В своей победе Сергей Павлович Дягилев не сомневался. Он весь этот год не жалел сил, собирая могущественное воинство для великой цели. Он побывал повсюду, где хоть что-то могли сделать для того, чтобы взыскательные парижане приняли его любимого композитора, чтобы «Борис Годунов» с Шаляпиным в заглавной роли покорил их сердца. Не так-то просто было уговорить сильных мира сего на такой отважный шаг: ведь знали они, что ни Антону Рубинштейну, ни Чайковскому не удалось соблазнить
А ведь как восторженно он начинал эту работу… Прежде всего сам изучил старую партитуру Мусоргского и обнаружил прекрасное место, которое выбросил Римский-Корсаков при новой обработке оперы. «Куранты» необходимо было восстановить, возможно, знаменитый композитор обиделся, что не посчитались с его волей, но что ж он, Дягилев, может с собой поделать… Он твердо верит в то, что всякий вопрос нужно изучать до конца, если хочешь добиться успеха. «Всякую чашу пью до дна», – не раз говорил он друзьям, дивившимся такой тщательности, дотошности, что ли, в изучении вроде бы не обязательного для него «матерьяла». И вот не зря он изучал старую партитуру – сцена с курантами получилась превосходной… А Римский-Корсаков если и обиделся на него за самовольство, то зря, потому что он, Дягилев, был преисполнен при этом необъятного желания восстановить авторскую волю, сделал это с тонкой осмотрительностью, дабы не повредить постановке.

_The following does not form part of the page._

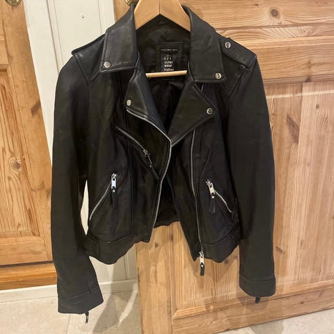 Meget pent brukt skinnjakke fra Zara Woman. Feminin form og passer både hverdag og fest.

А сколько волнений выпало на его долю при исполнении всей обстановки оперы, костюмов, декораций, бутафории. Так уж договорились, что все будет новое, с тем чтобы все это осталось в «Гранд-опера». Много разных новых мыслей возникало и в чисто «театральном», то есть режиссерском смысле, о многом хотелось поговорить с Николаем Андреевичем, всерьез обсудить множество вопросов, но чуть ли не сразу натолкнулся на глухую стену: Николай Андреевич просто не пожелал понять, что русские музыканты должны были завоевать Париж, заставить его капризных жителей наконец оценить великое достоинство наших лучших опер. В прошлом году мы чуть-чуть приготовили к этому своими историческими концертами, но не надо забывать, что даже такой нетерпимый человек, как Вагнер, перед постановкой «Тангейзера» в Париже задумался о его успехе и ввел в первое действие балет и написал новое окончание увертюры… Значит, не так уж и вредно «подделываться под французов», в чем его, Дягилева, упрекают строгие ревнители художественной целостности произведения, если его ради зрительского успеха подвергают переделкам или купюрам…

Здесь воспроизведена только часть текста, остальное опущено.